宋夜似乎感受到他的视线,也同样看着那束雏菊,白色的花瓣不复之前的娇俏可爱,他出伸手,将花拿起来护在胸口,慌乱地道歉,“抱歉……刚刚还好好的……很漂亮的……你不要生气……不要走……”
纪青槐蹲了下来,和人平视,也终于意识到人的状况不对,他伸手去接对方手里的花。
“别……别碰……不……”
宋夜的反应很大,猛地后退,离开了伞的遮蔽,雨点重新打在他身上,他似乎也不觉得冷。
“不是给我的吗?为什么躲开?”纪青槐尽量柔和自己的语气,重新伸出手去,“给我吧,不生气,很喜欢,不会走。”

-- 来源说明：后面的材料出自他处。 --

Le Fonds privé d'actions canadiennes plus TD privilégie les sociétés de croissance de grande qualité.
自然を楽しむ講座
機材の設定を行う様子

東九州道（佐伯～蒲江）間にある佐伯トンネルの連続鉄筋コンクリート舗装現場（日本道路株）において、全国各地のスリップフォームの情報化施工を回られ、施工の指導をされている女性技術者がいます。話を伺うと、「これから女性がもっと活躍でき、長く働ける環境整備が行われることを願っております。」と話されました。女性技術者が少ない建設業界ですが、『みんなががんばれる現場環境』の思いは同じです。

听到他的回答,宋夜才像一只受惊的小兔子般颤颤巍巍将花放在地上,还是没有给纪青槐。
纪青槐的视线追随着他的动作,雏菊再次回到雨幕中,花瓣只剩零星点点,他无奈地叹了一声,“算了。回去吧。”
他想要把宋夜从地上拉起来,和刚才的反应一样,对方很抗拒,他的手还没有碰到对方,就被人躲开,像一只不让摸的猫。

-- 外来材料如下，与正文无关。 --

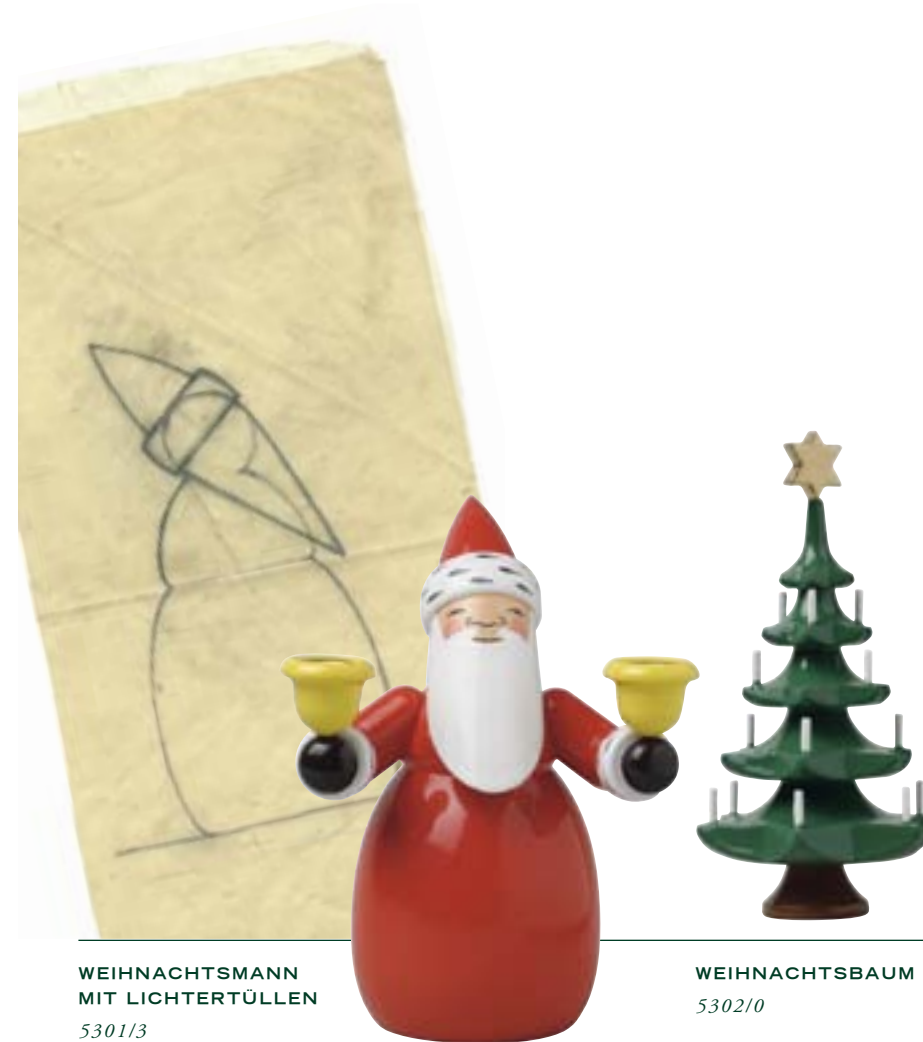
WEIHNACHTSMANN MIT LICHTERTÜLLEN 530/1/3

Die zauberhafte Komposition des Engels mit Lebkuchen und Vogel ergänzt die Reihe der Grünhainichener Engel®, die zu den beliebtesten Sammelobjekten aus der Manufaktur zählen. Das Vögelchen schmückt übrigens auch die berühmte Frühlingsspieldose aus dem Hause Wendt & Kühn, wo es auf dem einzigartigen Laubbaum sein Lied zwitschert.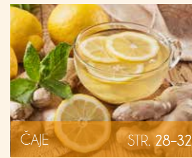
ČAJE STR. 28-32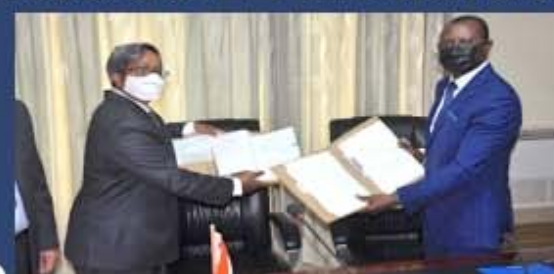
Echange de documents après la signature.

Le Togo bénéficie de 22 milliards de FCFA pour une nouvelle Centrale photovoltaïque P.5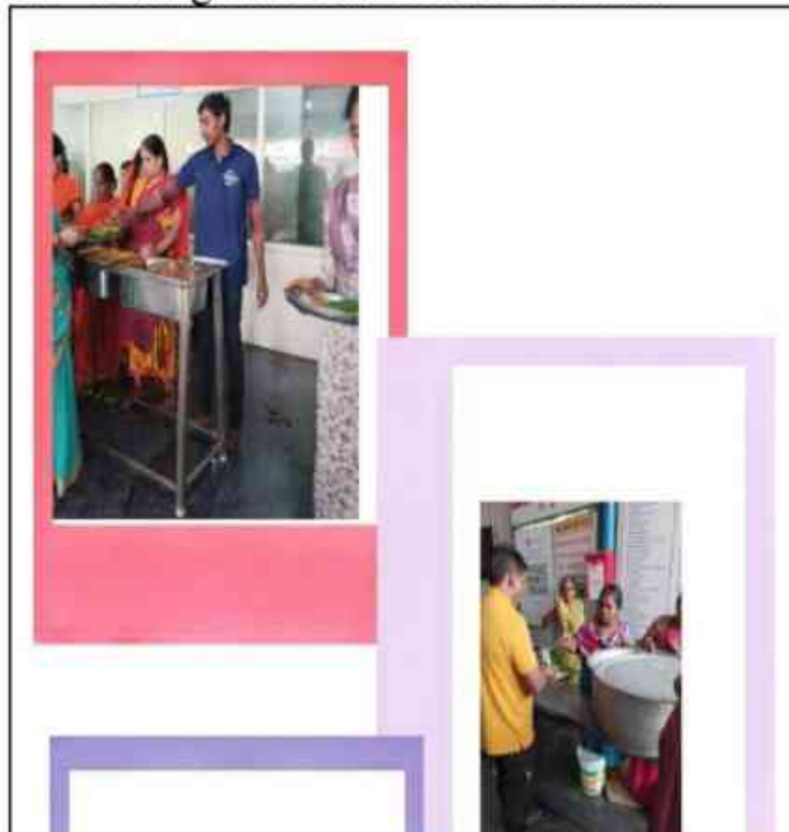
NSS volunteers provided services at mopidevi temple on 29-11-2024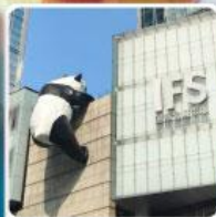
แพนด้ายักษ์ปีนตึกIFS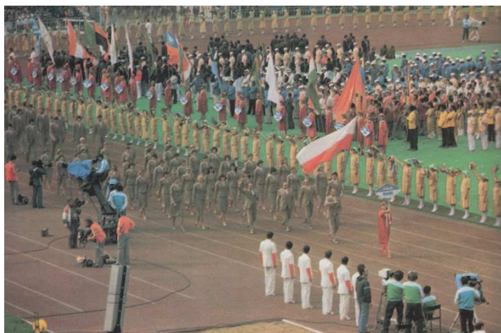
Na zdjęciu: Polska ekipa olimpijska defiluje na łożnickim stadionie w Moskwie

Czterokrotny Mistrz Polski na 100 i 200 m (1976 i 1977), dziewięciokrotny rekordzista Polski.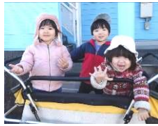
お散歩いってきます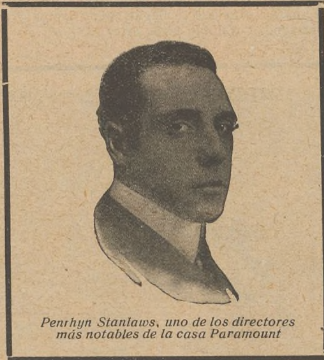
Penrhyn Stanlaws, uno de los directores más notables de la casa Paramount

F. Marion Crawford daremos próximamente «En el palacio del Rey», de la época romántica española; de Vicente Blasco Ibáñez, «Los enemigos de la mujer», representando los principales papeles Lionel Barrimore y Alma Ru-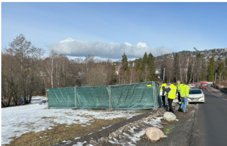
Figur 2 – Riggområde R2-3 ved Tråkka NV2.

Makrellbekken (se R2-4 på figur 1). Dette er arealer med henholdsvis gressplen og blandet vegetasjonsdekke.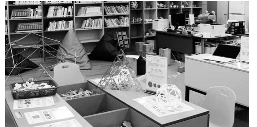
초·중·고교생들이 체험으로 수학을 배울 수 있는 광주 수학체험센터.

한편 조선대학교는 1998년 SW단과 대학인 정보과학대학을 호남 최초로 설립하고, 2000년에 전자정보공과대학으로 개편해 SW와 HW를 융합하는 교육체계를 확립했으며 교육 인프라 구축을 위해 5500평 규모의 최첨단 IT대학 건물을 신축했다. 또한, 광주시와 함께 4차 산업융합연구원을 설립, 광주시의 산업구조를 Industry 4.0 체제로 재편하는 전략을 추진할 계획이다. <윤영기자 penfoot@kwangju.co.kr>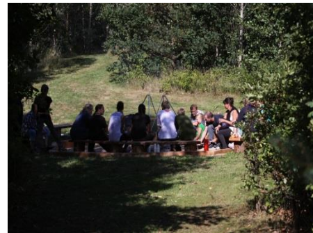
Ledergruppen, Struer Spejderne

纪青槐没有办法,只好伸手将对方抱住,这下子宋夜挣扎得更加厉害,“不……别碰……别碰我……”
“啪——”
手里的伞被打掉,豆大的雨点子打在纪青槐脸上,不过片刻,他就和地上的人一样湿透了。
他眉头皱了起来,捏着宋夜的脖子一把将人抱了起来,这回的人总算彻底安静下来。
纪青槐低头看去,竟然是晕了。
“唉……”
认命地将人抱着,纪青槐回头看了一眼自己的墓碑,亡夫两个字硕大醒目,再看怀里的宋夜,双目紧闭,冷峻的外表看上去竟然有几分乖巧。
颠了颠手里的份量,有些轻。
他轻叹,“你到底什么意思?”
怀里的人并没有回答他。
最后把人放在车上,也不管两个人浑身湿哒哒的,真皮座椅会不会有事,反正不是他的车。
纪青槐将宋夜送回了家,因为是生活助理,董自明之前特意带他过来录过指纹,为了方便照顾老板,但此前他还从来没进来过。

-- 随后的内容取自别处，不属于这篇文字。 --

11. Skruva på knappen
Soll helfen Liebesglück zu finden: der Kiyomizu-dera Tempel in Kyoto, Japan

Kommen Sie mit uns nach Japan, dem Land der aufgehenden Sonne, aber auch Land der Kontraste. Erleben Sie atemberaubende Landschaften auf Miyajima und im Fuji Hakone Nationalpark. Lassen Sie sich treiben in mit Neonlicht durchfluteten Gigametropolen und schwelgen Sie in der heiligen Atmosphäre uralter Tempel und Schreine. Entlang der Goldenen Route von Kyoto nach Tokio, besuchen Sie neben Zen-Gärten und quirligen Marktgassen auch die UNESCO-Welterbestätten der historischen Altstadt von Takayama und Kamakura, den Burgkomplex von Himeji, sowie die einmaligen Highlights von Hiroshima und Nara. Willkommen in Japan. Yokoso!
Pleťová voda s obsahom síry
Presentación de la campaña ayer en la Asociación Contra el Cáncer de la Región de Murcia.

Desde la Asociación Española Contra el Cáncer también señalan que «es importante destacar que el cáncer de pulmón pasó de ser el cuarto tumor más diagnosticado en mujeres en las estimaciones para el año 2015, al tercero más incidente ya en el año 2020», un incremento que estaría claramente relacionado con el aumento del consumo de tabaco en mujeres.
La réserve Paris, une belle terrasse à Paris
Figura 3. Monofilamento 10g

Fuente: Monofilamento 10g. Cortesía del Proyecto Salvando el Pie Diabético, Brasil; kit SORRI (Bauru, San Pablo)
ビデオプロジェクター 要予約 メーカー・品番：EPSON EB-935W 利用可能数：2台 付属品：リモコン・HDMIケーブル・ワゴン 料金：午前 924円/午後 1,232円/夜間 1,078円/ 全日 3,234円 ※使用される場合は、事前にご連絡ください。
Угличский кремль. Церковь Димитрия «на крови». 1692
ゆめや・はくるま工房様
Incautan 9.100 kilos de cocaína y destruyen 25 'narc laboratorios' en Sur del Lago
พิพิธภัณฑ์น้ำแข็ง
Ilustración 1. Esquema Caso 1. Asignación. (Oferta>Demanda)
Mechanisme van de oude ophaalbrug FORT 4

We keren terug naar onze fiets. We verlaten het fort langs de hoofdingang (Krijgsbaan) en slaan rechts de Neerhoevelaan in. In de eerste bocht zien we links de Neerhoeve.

宋夜的家倒是和他的外表不太符合,纪青槐以为像他这样的霸道总裁,装修风格应该是黑白灰色调的,事实却恰恰相反,装修的主色调以暖色为主。
蓝色,粉色,橘色。
看上去十分多彩和梦幻,纪青槐想不到宋夜竟然还有一颗这样童真的心。
“喵……嗷……”
一声猫叫,接着就是一只壮硕的小猫冲了出来,在看到纪青槐的时候,声调突然沉了下来,如果刚才还是一只可爱的夹子猫,现在就是颇具大佬气质的糙汉猫。
看到小狸花眼睛上的疤,纪青槐惊诧,“刀疤哥!”
“喵嗷。”
小猫见不是自己熟悉的人,转身就走,丝毫不带停留。
纪青槐这时候也顾及不上刀疤哥,毕竟怀里还有他的大老板。将人抱回房间,他犯了难,总不能直接把湿透的人往床上一扔吧。
而且似乎淋雨湿透的原因还是……他?
纪青槐摇头叹气,近来叹气的时候格外多。老老实实给人把衣服扒了,最后只剩一条底裤的时候,他有些犹豫了。
这……不好吧?
唰——
“咴——”纪青槐忍不住吹了个口哨,霸总就是霸总,本钱真不小呢。
赤条条的人塞进被子,纪青槐摸到人的额头有些烫,又找来帕子给人擦了一边身体,将人重新塞了回去,掖好被角。
外卖了一盒退烧药和退烧贴。
等外卖的工夫,身上湿湿嗒嗒的实在不好受,纪青槐自做主张用了人的浴室,怎么说曾经也是夫夫,这应该不算擅闯民宅,擅自损坏他人财务?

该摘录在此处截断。